Temporal signal and the evolutionary rate of 2019 n-CoV using 47 genomes collected by Feb 01 2020

Sebastian Duchene ([email protected])
Leo Featherstone ([email protected])
Melina Haritopoulou-Sinanidou ([email protected])

Peter Doherty Institute for Infection and Immunity

University of Melbourne, Melbourne, Australia

We compiled all genomes 2019 n-CoV available to date (February 1st 2020; Supplementary material, Table S1), to illustrate the use of different techniques to determine whether we can treat the current genome data of the virus as a measurably evolving population. That is, whether it displays temporal signal. Other contributors here have also conducted tests of temporal signal using a smaller data set. Our goal here is to outline some techniques and guidelines for estimating evolutionary rates and timescales at such early stages of the outbreak and to report on estimates so far.

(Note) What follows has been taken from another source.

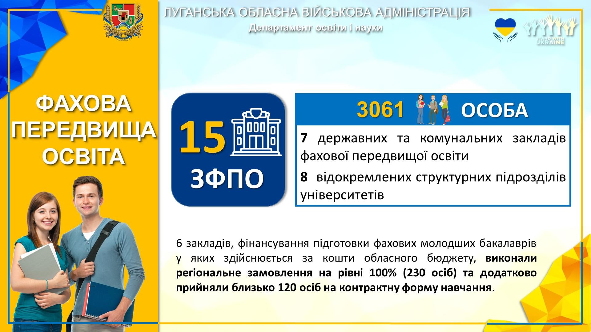 Молодших бакалаврів у дистанційному форматі готують вісім відокремлених структурних підрозділів університетів (шість – Державного закладу «Луганський національний університет імені Тараса Шевченка» та два – Східноукраїнського національного університету імені Володимира Даля), чотири державних та три комунальних заклади фахової передвищої освіти.

We considered 51 sequences downloaded from the GISAID database but we excluded four that may have substantial sequencing errors (EPI_ISL_406592, EPI_ISL_406595, EPI_ISL_403931, and EPI_ISL_402120; see discussion here Phylodynamic Analysis | 176 genomes | 6 Mar 2020 - nCoV-2019 Genomic Epidemiology - Virological). All the data used were provided by the laboratories listed in GISAID (Supplementary material, Table S1). We trimmed the tails of the alignment as to minimise sequencing errors that may inflate evolutionary rate estimates. We assessed temporal signal using three approaches; a date-randomisation test in LSD, comparing the prior and posterior distribution of the tree height, and assessing whether including sequence sampling times improves the fit of the model. We will update these results as more data are collected.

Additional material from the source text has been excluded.